Содержание
«Военная Литература»
Мемуары

Глава 6.

Спире

«Эх, ты, батрак —советский работник».
Народная укоризна

Зал ожидания маленькой станции Саласпилс плотно набит. В углу тускло светит не то электрическая, не то керосиновая лампа. Ждут рижского поезда. Пассажирские поезда ходят плохо и редко — война. Изредка громыхают воинские эшелоны. Пленные сгрудились в углу зала. Хозяева-латыши стоят отдельно. Одни хозяева приезжали регистрировать пленных, другие — брать новых. Пока ждем, обмениваемся скупыми новостями о лагере, о войне, а главным образом, предположениями о новых хозяевах и о своем житье-бытье. Наконец приходит поезд. Кое-как втискиваемся; в вагоне полно, кто сидит, кто стоит.

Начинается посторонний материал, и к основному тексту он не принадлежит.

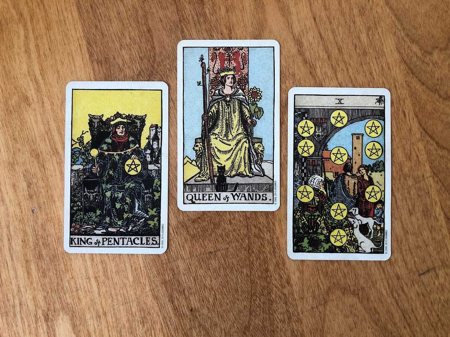 I often bristle at analogies centering around marriage with all of its associated power dynamics and gender roles, but sometimes it just works. Here, we have a potent coupling of The King of Pentacles and The Queen of Wands: Earth, stability, and physicality combining with fiery energy, dynamism, and creativity. What happens when we bring both of these approaches to our lives? We end up in the Ten of Pentacles, a card bursting with vitality. Chaotic, yes, but gloriously beautiful. A life well-lived is complicated, bustling, and a lot to maintain. Ultimately, however, it sustains us and brings incredible richness. Not just the material side of the pentacles suit, but the spiritual as well.

Публика разная: немцы, латыши, хозяева с пленными и всякий другой народ. На весь вагон светит один закоптелый фонарь, так что с трудом различаешь лица соседей. Хотя людей и много, но в вагоне тихо. Больше молчат или разговаривают вполголоса. Должно быть, во время войны всем невесело. Нам ехать до станции Огре — это километров сорок на восток от Риги. Едем не меньше часа.

Станция Огре тоже невелика, и народу выходит немного. На площади несколько саней ожидают приезжих. Лошади аккуратно покрыты попонами. Латыши обсуждают, кому куда садиться и кому с кем ехать. Наконец, разобрались. В наши сани набиваются пятеро: трое латышей и двое пленных. Поехали. Дорога темная, снежная. Большого холода, однако, не чувствуется. На мне шинель, фуфайка, гимнастерка, брюки из мешковины и такая же нательная рубашка. На ногах самодельные опорки из обрезанных старых валенок на деревянной подошве. За плечами вещевой мешок, [81] в котором побрякивает котелок с ложкой, самодельная трубка из корня яблони и коробочка для табака. Дорогой один из латышей рассказывает уже приевшуюся мне повесть о хорошей жизни в свободной Латвии. Разумеется, это так. Но мне-то что от этого? У меня ведь такой жизни нет.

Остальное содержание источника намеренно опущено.